The Mauritius Commercial Bank (MCB) closed its inaugural GCC and India-focused syndicated term loan facility, raising $450 million.
Originally launched at $300 million, the facility attracted strong demand, securing commitments from 25 banks, including five new lenders alongside existing relationship banks. Oversubscribed by approximately 2.1 times, the transaction was upsized to $450 million.
Structured as a two-year term loan with a one-year extension option at the borrower’s discretion (2+1), the facility enhances funding flexibility and optimizes MCB’s maturity profile. Strong market support also enabled improved pricing, reducing the overall cost of funding.
Proceeds will be used for general corporate purposes, supporting MCB’s continued growth in Mauritius and across the African region.

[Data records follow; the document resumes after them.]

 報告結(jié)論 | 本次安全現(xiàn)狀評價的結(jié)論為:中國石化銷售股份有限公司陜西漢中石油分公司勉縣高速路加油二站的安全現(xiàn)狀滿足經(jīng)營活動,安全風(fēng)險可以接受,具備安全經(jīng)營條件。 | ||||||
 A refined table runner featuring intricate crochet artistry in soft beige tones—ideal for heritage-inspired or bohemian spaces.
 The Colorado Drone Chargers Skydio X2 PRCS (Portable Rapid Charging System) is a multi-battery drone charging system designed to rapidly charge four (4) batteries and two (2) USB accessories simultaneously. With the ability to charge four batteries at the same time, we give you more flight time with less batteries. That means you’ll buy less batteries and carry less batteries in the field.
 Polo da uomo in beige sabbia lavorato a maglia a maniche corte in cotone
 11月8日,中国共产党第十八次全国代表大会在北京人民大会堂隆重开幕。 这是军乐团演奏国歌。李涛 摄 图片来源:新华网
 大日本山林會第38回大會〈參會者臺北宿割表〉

“The successful completion of this syndication, with the participation of new lenders, reinforces the momentum of MCB’s funding program and underscores the bank’s continued attractiveness to international lenders,” Anbar Jowaheer, group head of strategic funding at MCB, said. “This transaction is consistent with our strong pipeline and further strengthens funding flexibility through a well-structured tenor profile, supporting disciplined balance sheet management.”

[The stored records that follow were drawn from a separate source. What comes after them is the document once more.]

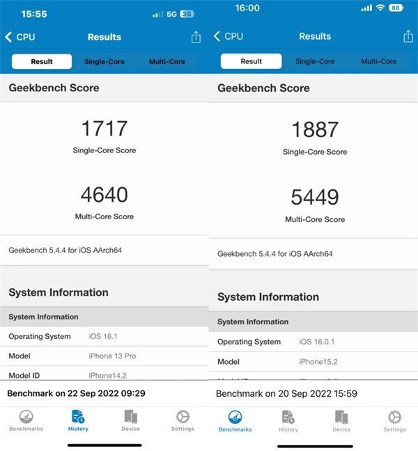 表面上看,A16相比A15性能也就提升了10%,并不夸张。通过Geekbench 5的测试也可以看到,iPhone 13 Pro单核成绩1717,多核4640;iPhone 14 Pro则是单核1887,多核5449,的确都在10%左右。
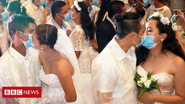 An annual mass wedding ceremony in the Philippines saw face masks and health checks included in the proceedings this year.
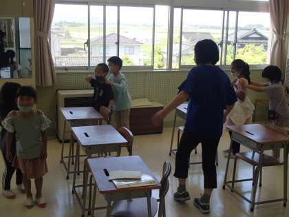 音楽の学習では、朝の会で歌っている「にじ」や、教科書にある「しろくまのジェンカ」等を楽しく歌いました。「しろくまのジェンカ」では、友達と一緒にリズムに合わせ、体を動かしながら音楽を楽しみました。
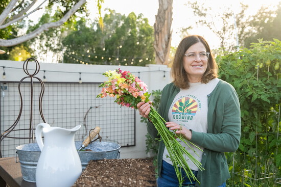 Becoming a Master Gardener marked a pivotal shift in both confidence and clarity. The training connected Angela with experts who could finally answer long-standing questions and helped her realize that many struggles weren’t personal failures but realities of desert gardening. “The fundamentals really mattered,” she says. Writing a monthly article for the Master Gardener publication Roots and Shoots revealed another passion: teaching through writing. Distilling complex information into simple, approachable guidance became second nature, and soon after, Growing in the Garden was born.
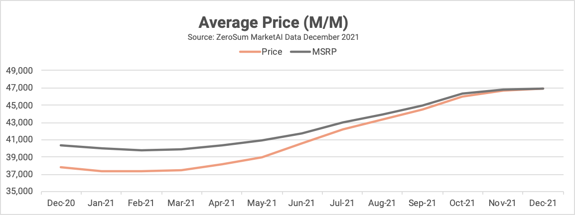 MarketAI also tracks turn rates of new inventory across the industry, representing how quickly new vehicles are being sold. The average turn rate of new inventory was 110% in December, representing an annual high. These record high turn rates mean dealers are now selling more vehicles in a month than they have on their lot on any given day, representing a new reality that is likely to continue into 2022, and emphasizing the importance of dealers continuing to sell faster than their competitors.
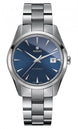 The deep blue dial is stunning thanks to its polished finish that seems to sparkle beneath the scratch resistant sapphire crystal glass that has been treated with an antireflective coating for easy readability. The silver hands, indices and date box at three o clock contrast beautifully against the dial while the matching stainless steel bracelet completes the luxurious look.

Thierry Hebraud, CEO of MCB, added, “The strong oversubscription of this facility by GCC and Indian banks clearly reflects the sustained confidence investors place in MCB’s strategy and long-term growth ambitions. Building on our solid credit rating, we have achieved meaningful progress in further broadening and diversifying our funding base.”
Abu Dhabi Commercial Bank PJSC, Emirates NBD Capital, First Abu Dhabi Bank PJSC, Mashreqbank PSC, Mizuho Bank, SMBC Bank International PLC, Standard Chartered and State Bank of India (London branch) acted as coordinators and bookrunners.